Federal Investment Targets Semiconductor Supply Chain Vulnerabilities

· By Mansa Muhammad

The U.S. Department of Commerce’s CHIPS Research and Development Office has signed a definitive agreement to award $500 million to SandboxAQ. This funding aims to address acute supply chain vulnerabilities in domestic semiconductor manufacturing by developing alternative chemical formulations and advanced materials to bypass foreign chokepoints.

This award represents a shift in how the federal government structures R&D support. In a unique arrangement, the Department of Commerce will receive a minority, non-voting equity stake in the NVIDIA-backed enterprise, alongside future royalty payments from formulas licensed to industrial partners for mass production. This structure moves the government from a pure grantor to a stakeholder in the commercialization of high-assurance technology.
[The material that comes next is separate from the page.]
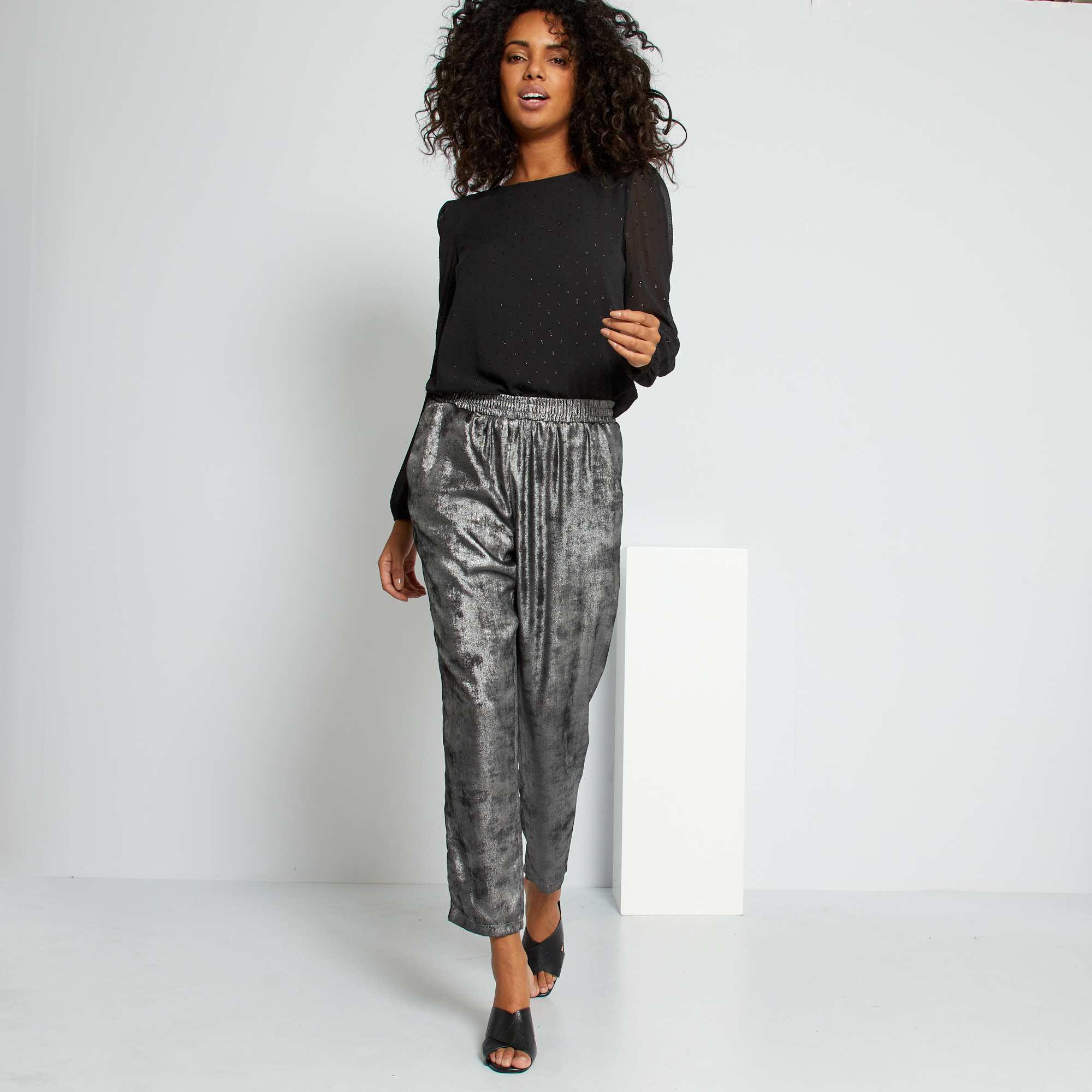 - Calças fluidas acetinadas
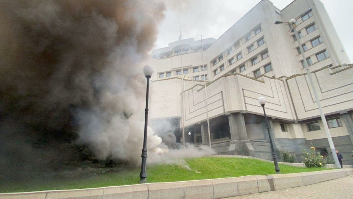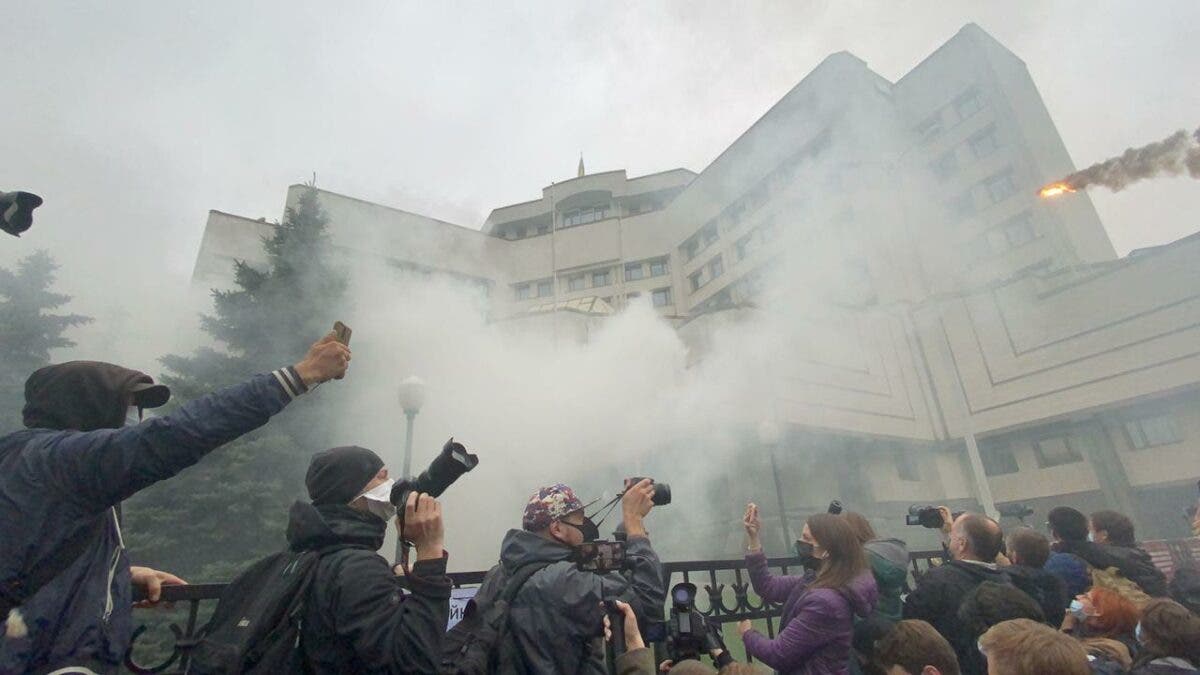 Активисты принесли под здание КСУ чемоданы для судей. Они считают, что судьи КСУ должны покинуть Украину и выехать в Россию. На акции присутствуют глава Центра противодейтствия коррупции Виталий Шабунин, нардеп от «Голоса» Кира Рудык, ряд депутатов от «Слуги народа», активист Сергей Стерненко и другие.

The technical core of this initiative relies on Large Quantitative Models (LQMs) and the ReAQT simulation platform. While standard models train on text, LQMs train directly on the fundamental laws of physics, chemistry, and biology. By using high-fidelity quantum chemistry simulations—including Density Functional Theory (DFT) and Molecular Dynamics—the platform generates its own training sets. This allows for the screening of millions of untried chemical candidates to find commercially viable alternatives, compressing materials discovery timelines from decades into weeks.

The immediate focus is the mitigation of regulatory and supply chain risks in chip fabrication. SandboxAQ will work to replace Per- and Polyfluoroalkyl substances (PFAS), or “forever chemicals,” which are used in lithography lines as lubricants, insulating coatings, and heat-transfer fluids. The project includes designing drop-in replacement fluids and developing techniques to break down legacy PFAS waste.

The firm is utilizing its AQCat workflows, which are built on 13.5 million high-fidelity simulations, to drive this process. This physics-first methodology enables automated Design-Make-Test-Learn (DMTL) loops, reducing the reliance on traditional trial-and-error laboratory experimentation.

The success of this program depends on whether these simulated molecular maps can translate into stable, mass-producible industrial chemicals.

Watch for the first industrial partners to announce licensing agreements for these new chemical formulations.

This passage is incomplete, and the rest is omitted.